“We’re all doomed!” my friend Paul said on the phone, feigning a Scottish accent to imitate Private Frazer in Dad’s Army. “I’m telling you, mate, we’re finished.” And he began rattling off items on his bucket list, things to do before Trump and Putin blow us all to kingdom come, which he thinks will be Britain’s reward for being the US president’s only friend in the world.
“I want to skydive from 20,000 feet,” Paul said, “preferably landing smack in the middle of an Ashes test at Headingley just seconds after England have bowled out Australia for less than 100 to win the match.”
Erm, okay… So it had turned into one of our periodic silly conversations.
Thinking about it, though, maybe the laughable figure cut by Trump, which has ushered in a new golden age of political satire, is currently assuaging our anxiety about him.
Across the Atlantic, the US media has begun a forensic examination of his mental state. Just last week, under the headline “The Finger on the Nuclear Button” the New York Times said: “The world is closer to nuclear catastrophe than it has been since 1953.” It went on to point out that any decision to launch an attack would have to be made quickly but, for Trump, sound decision-making had been shown to be a challenge “given his disruptive, impulsive style” and that he might well “brandish nuclear weapons as a cudgel”.
Also scary was a piece in the Washington Post, which revealed that the drug used by Trump to combat hair loss is suspected of influencing brain functions and can cause profound psychological change. It is a deeply disturbing thought that the world’s fate might ultimately hang on the US president’s fear of going bald.

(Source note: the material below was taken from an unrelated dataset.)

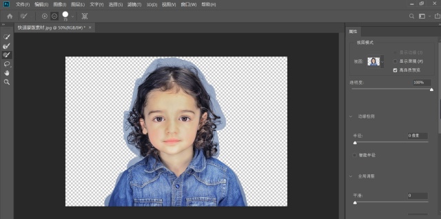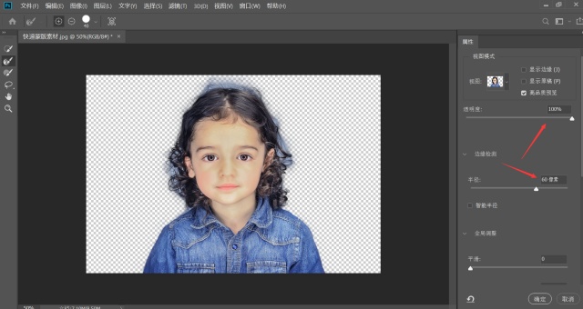 6、接下来选中调整边缘画笔工具,涂抹带有背景图层的位置,设置数值和效果如下图▼
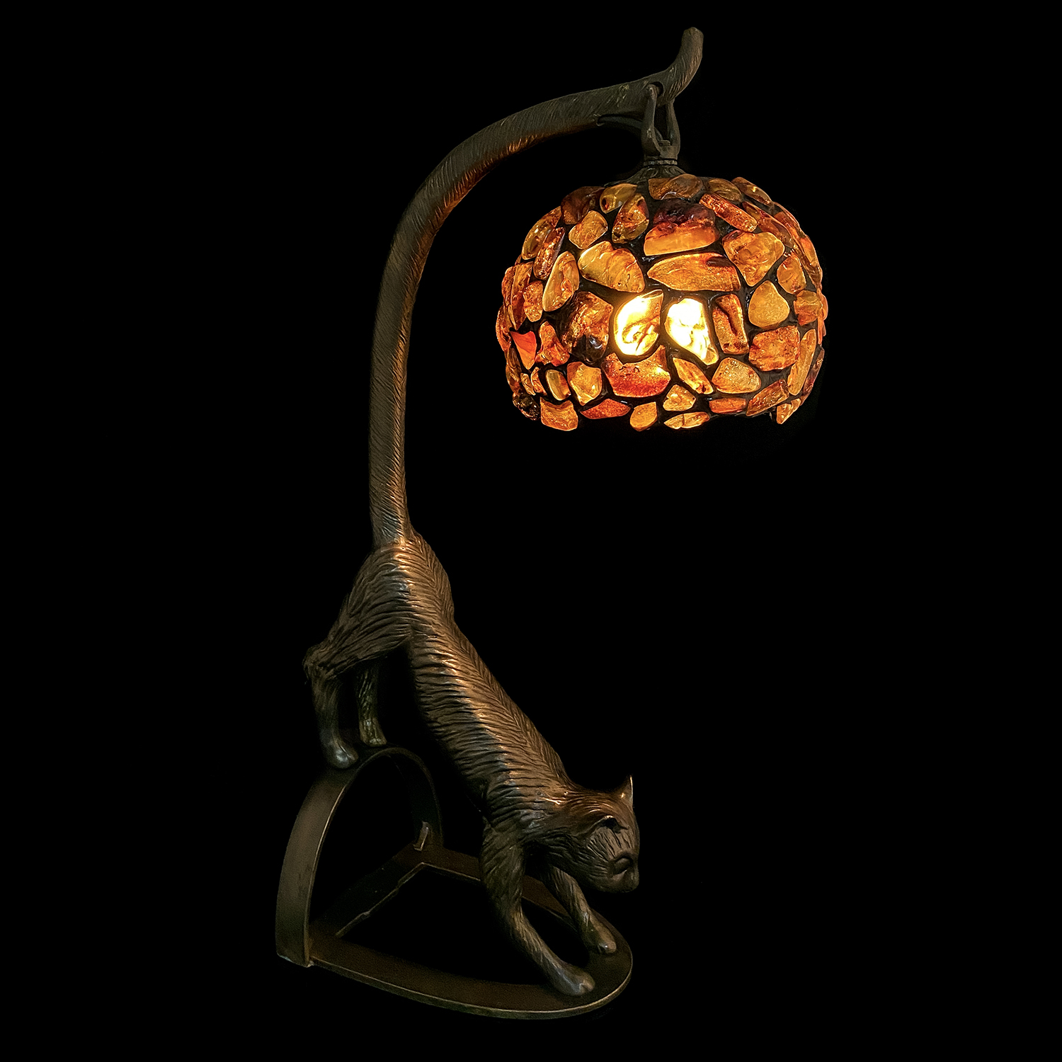 Русские подарки и сувениры → Интерьерные изделия → Лампы → Комплект из двух настольных ламп из янтаря и бронзы "Коты"

It is especially worrying that Trump has taken office at an unstable time, with the Middle East in turmoil and Russia and China flexing muscles. Which is why a group of scientists who monitor the risk of nuclear war recently moved the hands of the symbolic Doomsday Clock to 2½ minutes before midnight.
There have been two previous points like this in my lifetime. One is a faint memory as a small boy. I dreamt that a gigantic green drum suddenly whizzed over a hill where I grew up and landed in our back garden. The picture is as vivid now as it was back then, and was probably a response to my mum and
dad discussing the Cuban Missile Crisis in 1962.
The second point was around 1982-83 when Ronald Reagan moved Cruise missiles tipped with nuclear warheads to silos at Greenham Common in Berkshire. It got so bad that wealthy people started building nuclear bunkers, and several big ones were constructed around the country to house regional governments in the event of a nuclear wipeout above ground.
Normally sane friends started checking suitable caves in the Yorkshire Dales. I heard of someone who had converted his large cellar and bought up every tin of baked beans at his local supermarket. This time round, I hope I don’t share a nuclear shelter with someone like that. If it comes to a choice of being locked underground with people eating nothing but baked beans I think I’d rather take my chances with nuclear fall-out.